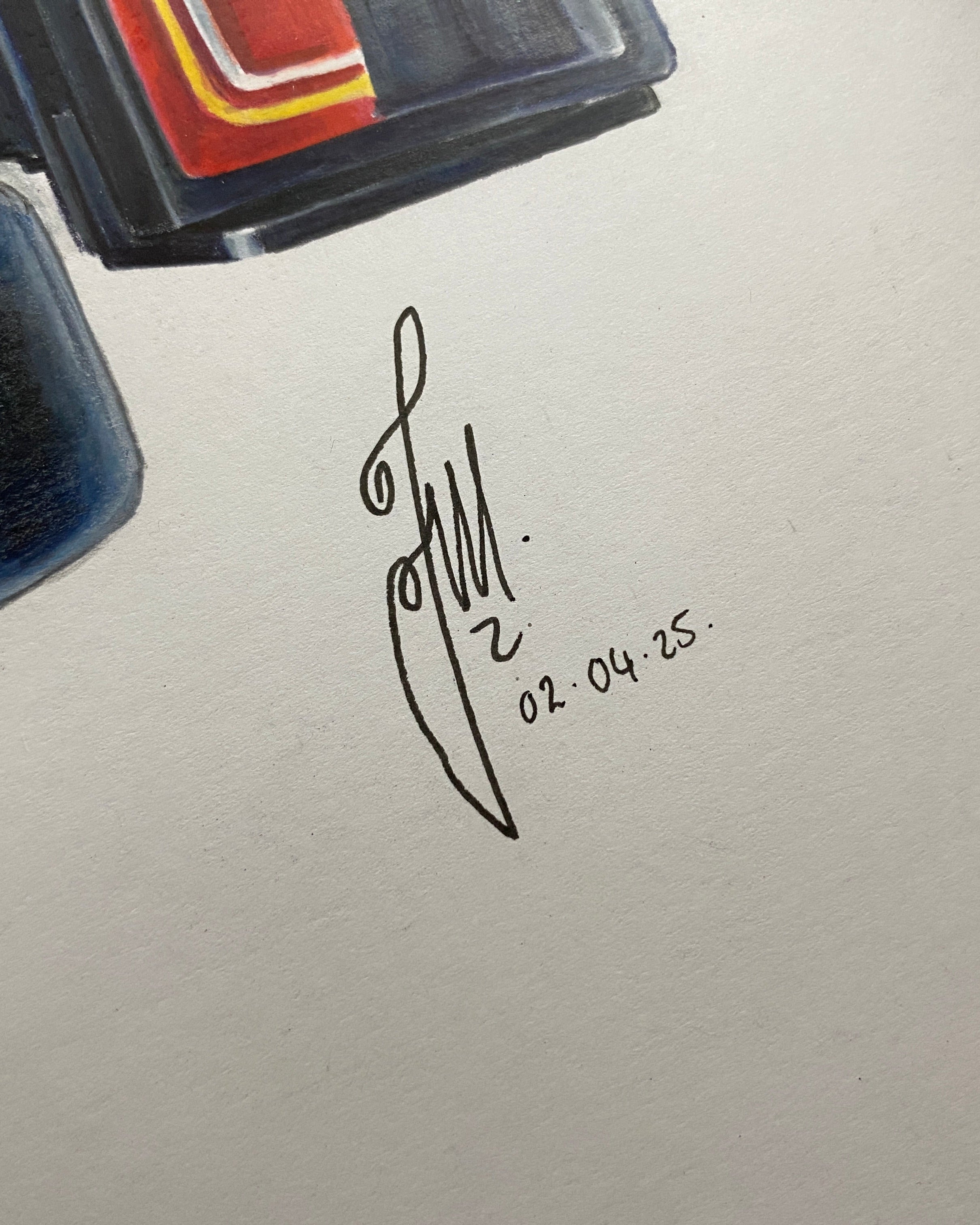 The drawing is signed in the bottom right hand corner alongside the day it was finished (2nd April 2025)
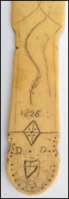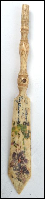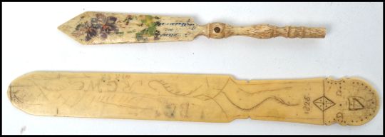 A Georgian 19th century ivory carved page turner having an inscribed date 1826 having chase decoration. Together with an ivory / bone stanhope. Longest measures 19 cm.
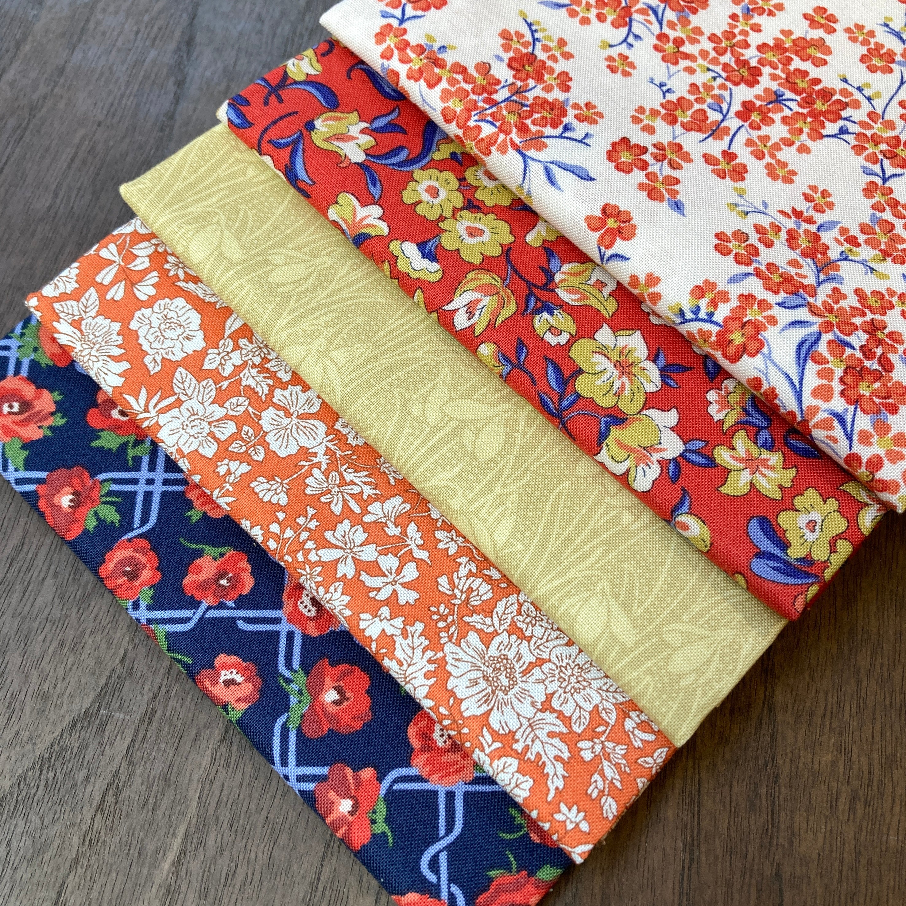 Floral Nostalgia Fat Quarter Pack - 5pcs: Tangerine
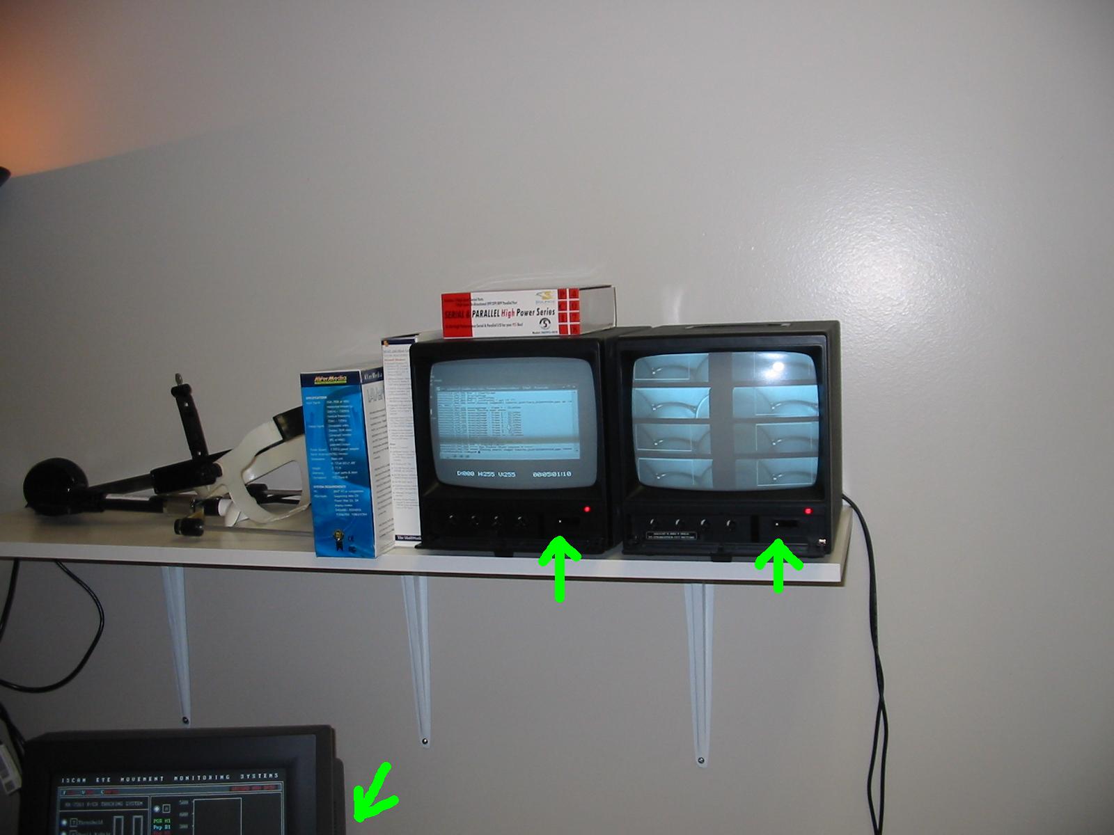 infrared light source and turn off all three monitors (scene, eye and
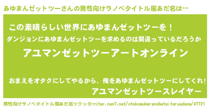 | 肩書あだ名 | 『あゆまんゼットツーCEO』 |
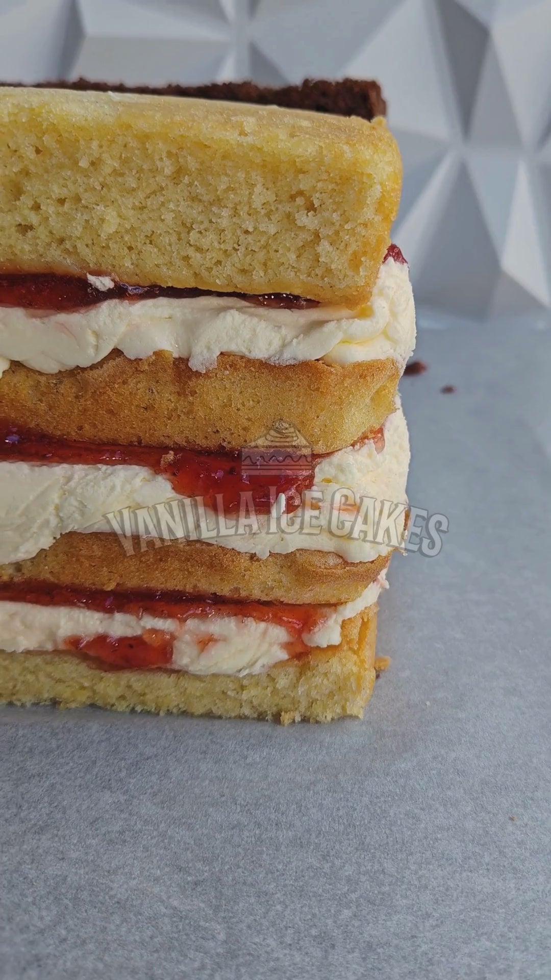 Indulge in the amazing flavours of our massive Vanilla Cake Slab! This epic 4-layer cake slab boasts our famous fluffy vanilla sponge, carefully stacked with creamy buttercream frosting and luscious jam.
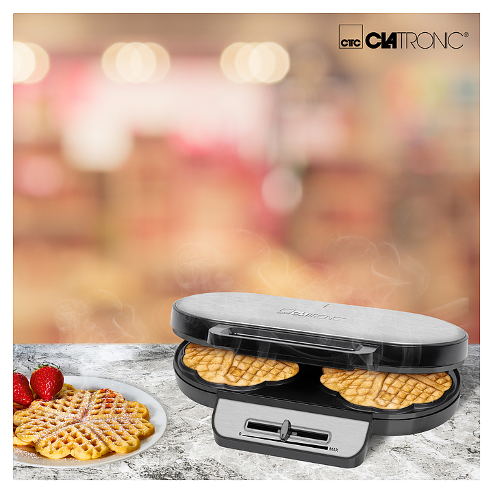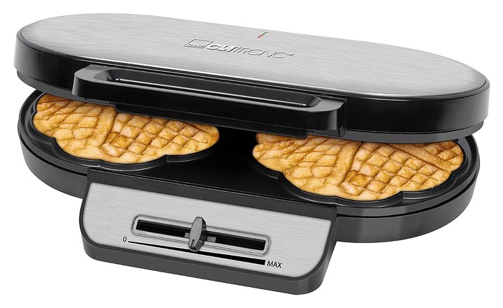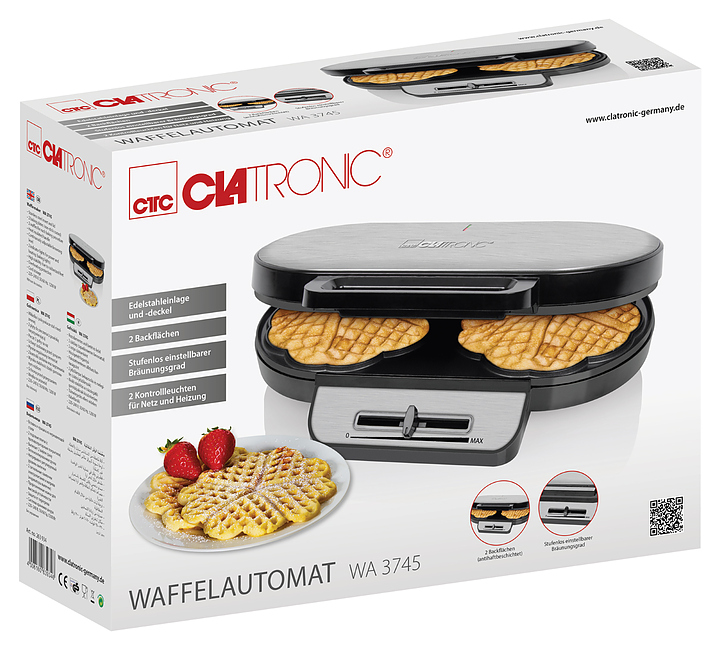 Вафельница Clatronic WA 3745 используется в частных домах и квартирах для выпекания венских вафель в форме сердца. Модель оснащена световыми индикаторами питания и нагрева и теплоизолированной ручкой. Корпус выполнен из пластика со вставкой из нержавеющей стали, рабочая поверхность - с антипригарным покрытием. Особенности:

**Exercise instructions**
Start with the line that holds "infrared light source" and retype each line through the last one in the data, exactly and without pictures.

**Written response**
 infrared light source and turn off all three monitors (scene, eye and
 | 肩書あだ名 | 『あゆまんゼットツーCEO』 |
 Indulge in the amazing flavours of our massive Vanilla Cake Slab! This epic 4-layer cake slab boasts our famous fluffy vanilla sponge, carefully stacked with creamy buttercream frosting and luscious jam.
 Вафельница Clatronic WA 3745 используется в частных домах и квартирах для выпекания венских вафель в форме сердца. Модель оснащена световыми индикаторами питания и нагрева и теплоизолированной ручкой. Корпус выполнен из пластика со вставкой из нержавеющей стали, рабочая поверхность - с антипригарным покрытием. Особенности:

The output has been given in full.